__TASK INSTRUCTIONS__. Every line from the one with "Global Rise TV" through the final line of the data below goes in the answer, copied exactly. Pictures do not.

__DATA FOR REVIEW__.
┄┄┄┄┄┄
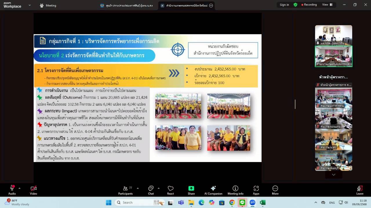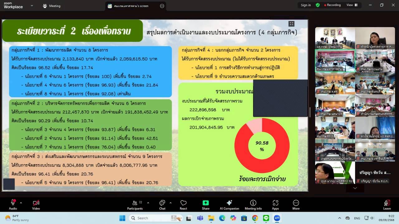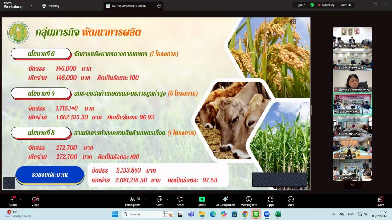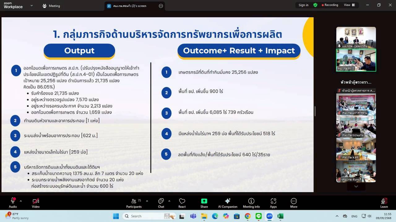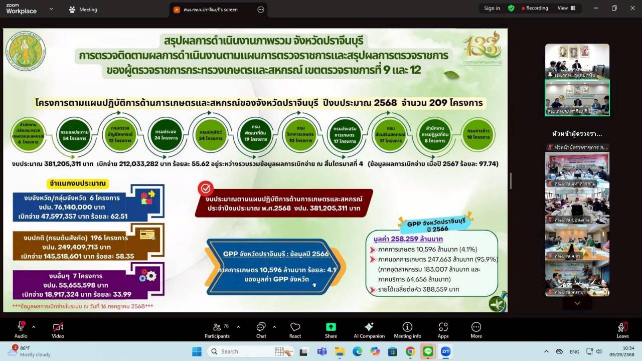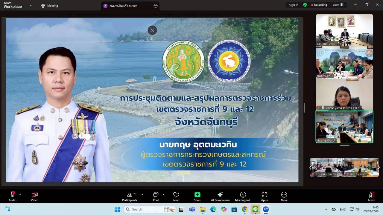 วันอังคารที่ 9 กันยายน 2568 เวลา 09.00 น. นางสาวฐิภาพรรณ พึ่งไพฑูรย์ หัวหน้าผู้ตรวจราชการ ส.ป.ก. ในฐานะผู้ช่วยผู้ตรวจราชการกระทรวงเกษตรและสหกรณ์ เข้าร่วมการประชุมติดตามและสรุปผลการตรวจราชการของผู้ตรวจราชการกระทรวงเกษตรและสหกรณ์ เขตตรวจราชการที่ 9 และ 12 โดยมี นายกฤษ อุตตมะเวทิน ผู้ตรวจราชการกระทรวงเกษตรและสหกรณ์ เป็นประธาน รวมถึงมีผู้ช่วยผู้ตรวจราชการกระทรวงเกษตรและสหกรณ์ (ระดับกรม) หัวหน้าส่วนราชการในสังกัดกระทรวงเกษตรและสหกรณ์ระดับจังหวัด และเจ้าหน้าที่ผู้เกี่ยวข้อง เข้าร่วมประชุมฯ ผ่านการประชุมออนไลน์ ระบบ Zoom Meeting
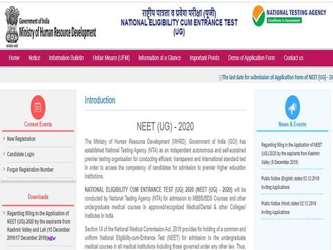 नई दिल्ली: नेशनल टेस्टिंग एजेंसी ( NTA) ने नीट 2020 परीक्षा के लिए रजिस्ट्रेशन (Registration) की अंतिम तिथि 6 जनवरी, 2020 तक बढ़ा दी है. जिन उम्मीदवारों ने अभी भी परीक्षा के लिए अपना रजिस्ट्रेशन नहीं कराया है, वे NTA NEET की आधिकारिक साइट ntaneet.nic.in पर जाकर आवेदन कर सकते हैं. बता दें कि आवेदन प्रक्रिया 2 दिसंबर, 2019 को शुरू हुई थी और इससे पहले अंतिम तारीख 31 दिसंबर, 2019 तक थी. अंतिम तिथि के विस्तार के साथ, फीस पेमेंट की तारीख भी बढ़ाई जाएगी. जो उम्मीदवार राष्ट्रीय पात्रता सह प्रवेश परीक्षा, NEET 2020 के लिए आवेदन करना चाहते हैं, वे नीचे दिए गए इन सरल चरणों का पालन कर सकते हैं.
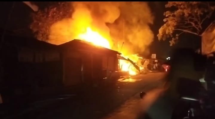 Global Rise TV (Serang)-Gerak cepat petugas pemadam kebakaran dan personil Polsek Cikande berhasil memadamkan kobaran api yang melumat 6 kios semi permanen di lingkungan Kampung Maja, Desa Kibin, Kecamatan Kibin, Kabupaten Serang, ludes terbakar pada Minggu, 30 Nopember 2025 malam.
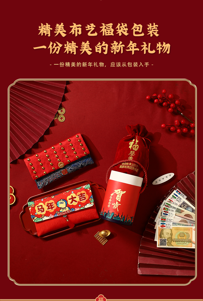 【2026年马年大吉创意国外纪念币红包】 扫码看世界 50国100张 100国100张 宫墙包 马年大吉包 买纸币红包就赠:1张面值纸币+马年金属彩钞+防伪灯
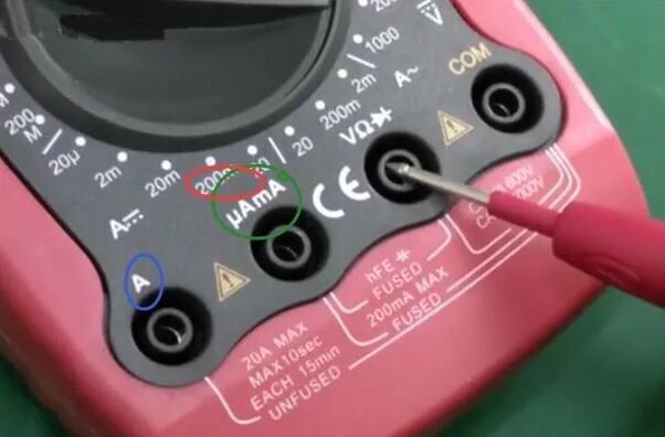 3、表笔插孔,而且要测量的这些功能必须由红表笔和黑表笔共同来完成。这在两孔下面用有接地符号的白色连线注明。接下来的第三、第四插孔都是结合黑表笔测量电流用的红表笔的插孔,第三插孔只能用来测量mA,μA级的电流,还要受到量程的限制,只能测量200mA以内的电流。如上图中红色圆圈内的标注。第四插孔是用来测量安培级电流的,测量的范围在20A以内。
┄┄┄┄┄┄
__WRITTEN RESPONSE__.
 Global Rise TV (Serang)-Gerak cepat petugas pemadam kebakaran dan personil Polsek Cikande berhasil memadamkan kobaran api yang melumat 6 kios semi permanen di lingkungan Kampung Maja, Desa Kibin, Kecamatan Kibin, Kabupaten Serang, ludes terbakar pada Minggu, 30 Nopember 2025 malam.
 【2026年马年大吉创意国外纪念币红包】 扫码看世界 50国100张 100国100张 宫墙包 马年大吉包 买纸币红包就赠:1张面值纸币+马年金属彩钞+防伪灯
 3、表笔插孔,而且要测量的这些功能必须由红表笔和黑表笔共同来完成。这在两孔下面用有接地符号的白色连线注明。接下来的第三、第四插孔都是结合黑表笔测量电流用的红表笔的插孔,第三插孔只能用来测量mA,μA级的电流,还要受到量程的限制,只能测量200mA以内的电流。如上图中红色圆圈内的标注。第四插孔是用来测量安培级电流的,测量的范围在20A以内。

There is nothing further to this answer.